Hi,

I had the same problem on 160m - floating spur was up to S5..7 with
antenna disconnected. I tried with 5 different brands serial cables,
ferrite chokes, used different laptop power supplies,  but that didn't
help at all. Only solution was to change computer to newer one.
I made K3 "Improving the Immunity of the Rear-Panel RS232 and Audio
Connectors to RFmodifications" latter on, but didn't check old computer
after.

No idea about other bands.

73
Arunas / LY2IJ /k3 #500



On Wed, 22 Apr 2009 19:11:51 -0400, Mike Harris wrote:

>This extra noise vanished when I removed the "RS232" cable from the
K3.
>The cable is actually the one I made up for the K2.

There are several problems in the setup.
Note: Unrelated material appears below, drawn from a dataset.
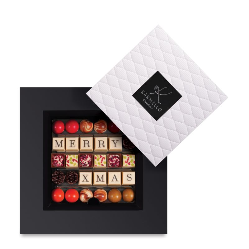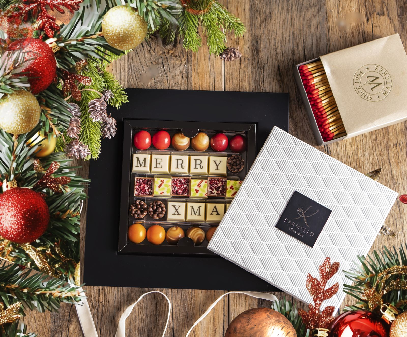 Słodka wiadomość w wyjątkowej formie – ręcznie wykonane czekoladki układają się w napis „Merry Xmas”, tworząc niepowtarzalny zestaw o świątecznym charakterze. Każda czekoladka zachwyca smakiem, aromatem i finezyjnym wykonaniem. To połączenie elegancji, radości i świątecznej magii – idealne na prezent, który wywoła uśmiech i doda blasku każdemu spotkaniu.

First, the K3 connector shells
are not properly bonded to the chassis, so the cable shield is useless.
Second, the cable Elecraft sold with the K2-series products used
parallel conductors, not twisted pairs. That's a recipe for noise and
RFI.

I live in a fairly quiet area in the Santa Cruz Mountains, and lots of
small electronics produce noise that I can hear, both HF and VHF. Much
of that noise is radiated as a common mode signal on the various cables
connected to the noise source. I have several suggestions for you.

1) Build the serial cable shown in my RFI application note.
http://audiosystemsgroup.com/RFI-Ham.pdf  It uses CAT5 cable. When VHF
noise is a concern, shielded CAT5 may offer further improvements.

2) Use ferrite chokes on every cable to kill common mode current. A
single turn through a #43 core peaks the choking action around 150 MHz.
Two-three turns moves the peak down to 6M and provides about three
times the choking impedance. If you're concerned about both bands, use
multiple cores in series. The equipment at both ends of any cable can
be the noise source, so if the cable is longer than about 1/4 wave, use
chokes at both ends. I did all of this in my station (and around my
XYL's computers) and killed a lot of noise.

3) Fix the pin 1 problem in the K3 by bonding the DB-connectors to the
chassis. Pin 1 problems couple RFI in both directions -- that is, they
let RF into equipment and they put RF onto cables that radiate it.